I've been experimenting with different forms of UB in order to better understand the current compiler inadequacies using constexpr
evaluations to detect UB.
Note: There is normally no compiler requirement to emit diagnostics when UB occurs. However, this is not the case when executing compile time code such as consteval
functions as shown here. Even there, there is an exception for library code where compilers are not required to emit diagnostics for UB. The question here does not use library code and compilers should emit diagnostics when encountering UB executing code at compile time.
I ran across an odd situation where modifying the underlying memory of an const int
in automatic storage (aka stack) results in no warnings with CLANG, GCC, and MSVC but when evaluated in a constexpr
function CLANG and GCC elicit the expected error while MSVC gives no error.
The function being evaluated casts a const int to a non const through it's address to attempt to change it's value from 1 to 2. Afterwards, the const value is added to that returned from a function called with a const int&
that simply returns the argument value.
This is all UB, of course. However, all three compilers happily compile and run when not in a constexpr
function. While UB, they are not required to emit diagnostics. And they interpret the result as the original const value when the variable is used directly but as the modified value when accessed through a reference.

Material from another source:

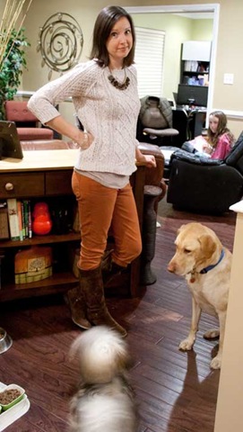I had to include this one because this is really how it looks trying to get a picture indoors. Emma is working on homework and the dogs would NOT leave me alone. They thought the remote in my hand was a treat. Bella is jumping up and down like, “Pick me, pick me, pick me.” Tucker’s all, “Bella, chill so she’ll give us this treat.”

But when running in compile time code, GCC and CLANG identify the UB as, for example:
modification of object of const-qualified type 'const int' is not allowed in a constant expression
MSVC produces no error or warning.
Since this uses no library code in the constexpr evaluation, I believe MSVC is in error not reporting the UB. Is this correct?
#include <iostream>
// un-comment out the next line to evaluate at runtime
// #define consteval
consteval int ret_arg(const int& v) { return v; }
consteval int f()
{
const int i{ 1 };
*const_cast<int*>(&i) = 2;
return i + ret_arg(i);
}
int main()
{
std::cout << f() << "\n";
}
Run time UB w/o compiler errors for all compilers can be seen by commenting the "#define consteval" line at the top.